▸ Exercise details
Leaving out the images, repeat all the lines below exactly.

▸ Data extract
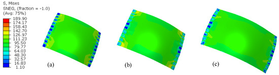 Stress distributions on curved surfaces obtained by SF-C under different transition zone lengths: (a) 50 mm; (b) 150 mm; and (c) 300 mm.
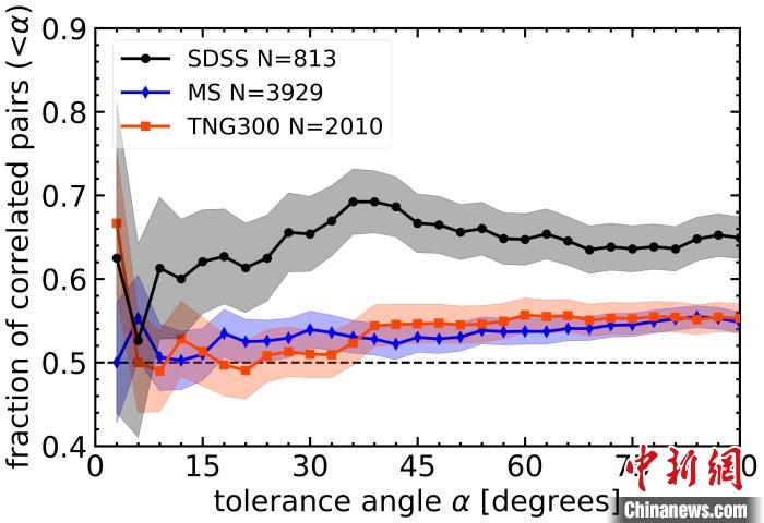 同向運動衛(wèi)星星系對占比隨張角的變化:黑色帶圓點的實線為觀測結(jié)果,藍線和紅線為理論模擬預測結(jié)果,黑色虛線為隨機分布,陰影區(qū)為自舉標準誤差范圍。中國科學院國家天文臺/供圖
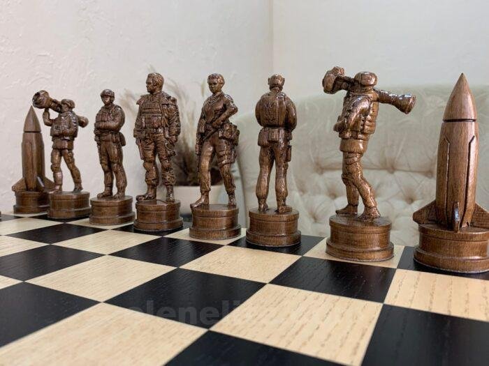 The chess set includes a table made of solid ash and covered with a black patina, emphasizing the natural texture of the wood. The design is equipped with two drawers, upholstered in soft velor, where each chess piece finds its place, maintaining an impeccable appearance and protection. The main decoration of the set is the exclusive handmade chess pieces. 16 pieces depict Ukrainian Cossacks, and another 16 – soldiers of the Ukrainian army. A special place is occupied by the king and queen: Taras Shevchenko and Lesya Ukrainka, recreated with premium detail. Each facial feature, each element of clothing and weapons are carefully worked out by the master, turning this set into a work of art.

▸ Completed task
 Stress distributions on curved surfaces obtained by SF-C under different transition zone lengths: (a) 50 mm; (b) 150 mm; and (c) 300 mm.
 同向運動衛(wèi)星星系對占比隨張角的變化:黑色帶圓點的實線為觀測結(jié)果,藍線和紅線為理論模擬預測結(jié)果,黑色虛線為隨機分布,陰影區(qū)為自舉標準誤差范圍。中國科學院國家天文臺/供圖
 The chess set includes a table made of solid ash and covered with a black patina, emphasizing the natural texture of the wood. The design is equipped with two drawers, upholstered in soft velor, where each chess piece finds its place, maintaining an impeccable appearance and protection. The main decoration of the set is the exclusive handmade chess pieces. 16 pieces depict Ukrainian Cossacks, and another 16 – soldiers of the Ukrainian army. A special place is occupied by the king and queen: Taras Shevchenko and Lesya Ukrainka, recreated with premium detail. Each facial feature, each element of clothing and weapons are carefully worked out by the master, turning this set into a work of art.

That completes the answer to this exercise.